Tong William L, Iyer Anisha, Murthy Venkatesh N, Reddy Gautam
School of Engineering and Applied Sciences, Harvard University, Cambridge, MA, USA.
University of California Berkeley, CA, USA.
bioRxiv. 2023 Dec 5:2023.12.03.569774. doi: 10.1101/2023.12.03.569774.
Dogs and laboratory mice are commonly trained to perform complex tasks by guiding them through a curriculum of simpler tasks ('shaping'). What are the principles behind effective shaping strategies? Here, we propose a machine learning framework for shaping animal behavior, where an autonomous teacher agent decides its student's task based on the student's transcript of successes and failures on previously assigned tasks. Using autonomous teachers that plan a curriculum in a common sequence learning task, we show that near-optimal shaping algorithms adaptively alternate between simpler and harder tasks to carefully balance reinforcement and extinction. Based on this intuition, we derive an adaptive shaping heuristic with minimal parameters, which we show is near-optimal on the sequence learning task and robustly trains deep reinforcement learning agents on navigation tasks that involve sparse, delayed rewards. Extensions to continuous curricula are explored. Our work provides a starting point towards a general computational framework for shaping animal behavior.

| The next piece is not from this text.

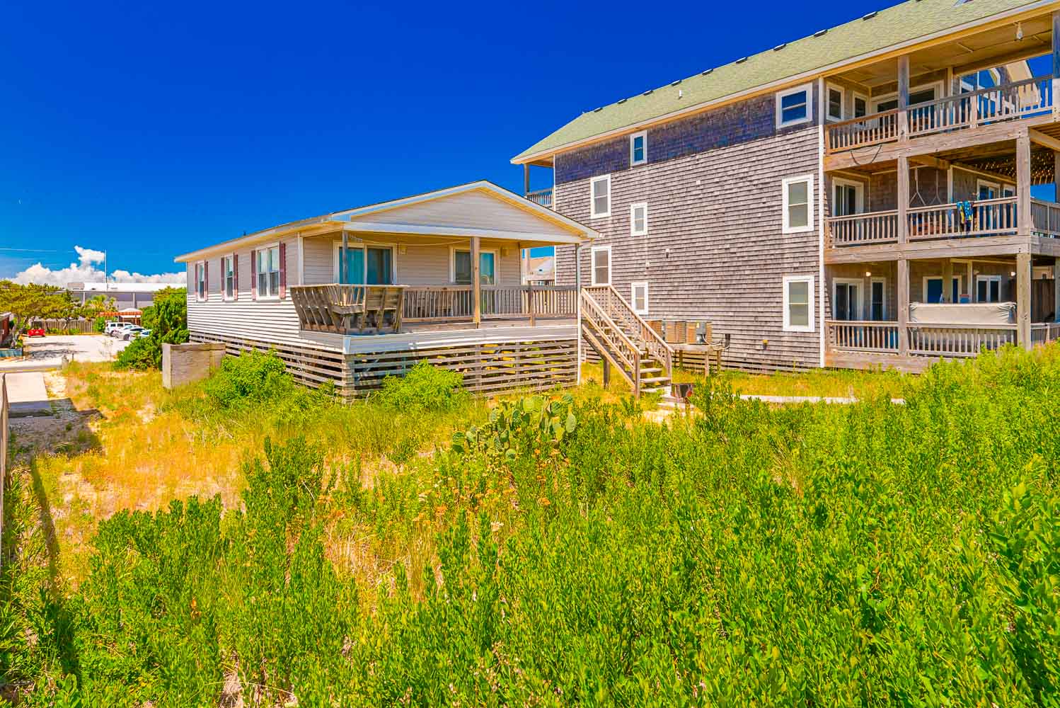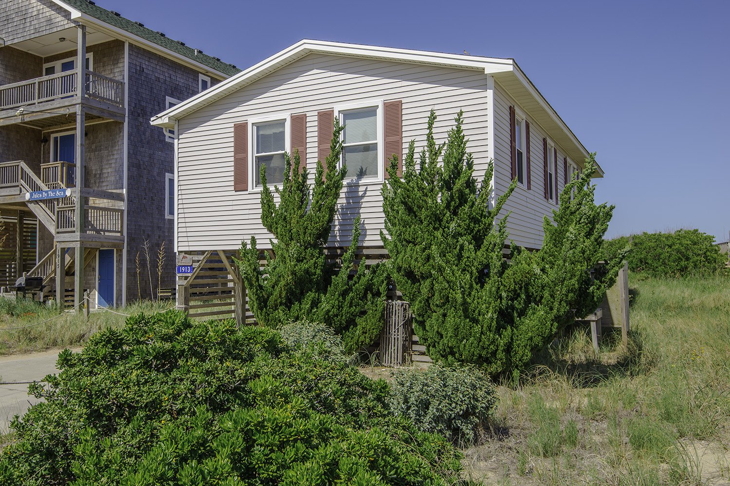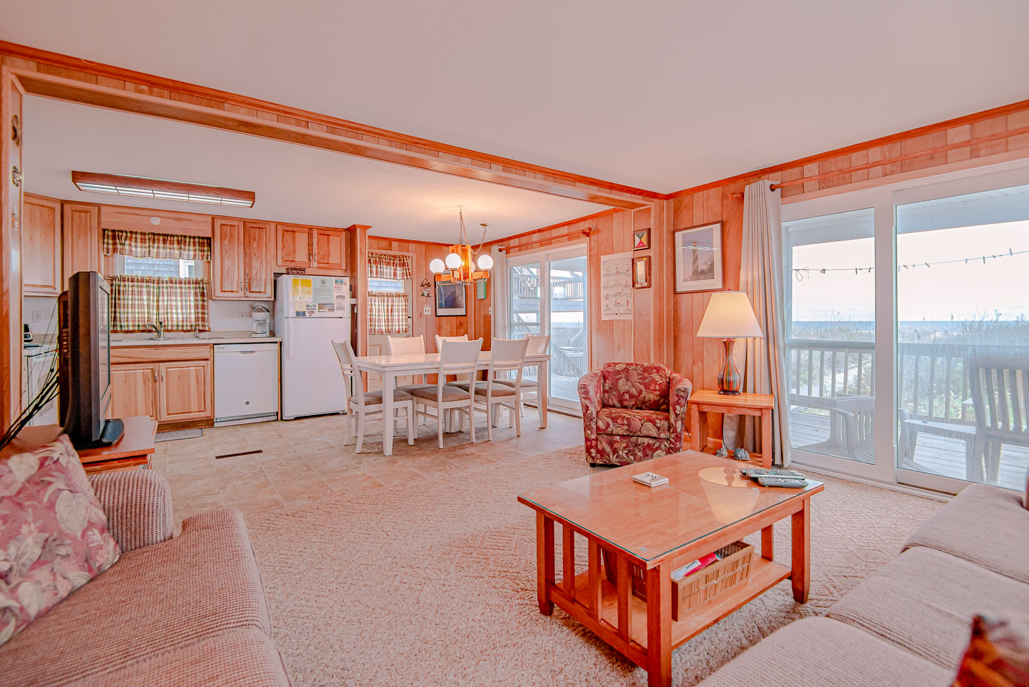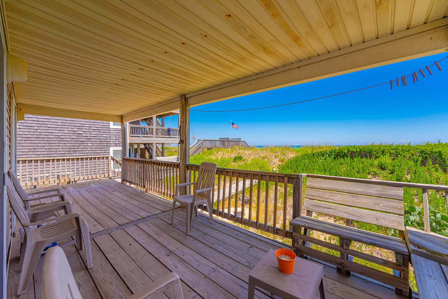 Main Level: Living Area, TV, DVD, Kitchen Area, Dining Area w/Seating for Six (6), 3 Bedrooms (Private Suite w/Queen, TV, Private Half Bath; 1 w/Queen, TV; 1 w/2 Singles, TV), Full Hall Bath w/Tub/Shower, Access to Covered Deck w/Ocean Views, Deck Furniture, Built-in-Seating, and Steps to Boarded Walkway to Beach.

狗和实验小鼠通常通过引导它们完成一系列更简单的任务(“塑造”)来训练它们执行复杂任务。有效塑造策略背后的原则是什么?在这里,我们提出了一个用于塑造动物行为的机器学习框架,其中一个自主教师代理根据学生在先前分配任务上的成功和失败记录来决定其任务。使用在常见序列学习任务中规划课程的自主教师,我们表明接近最优的塑造算法在更简单和更难的任务之间自适应地交替,以仔细平衡强化和消退。基于这种直觉,我们推导出了一种参数最少的自适应塑造启发式方法,我们表明它在序列学习任务上接近最优,并且能够在涉及稀疏、延迟奖励的导航任务上稳健地训练深度强化学习代理。我们还探索了对连续课程的扩展。我们的工作为塑造动物行为的通用计算框架提供了一个起点。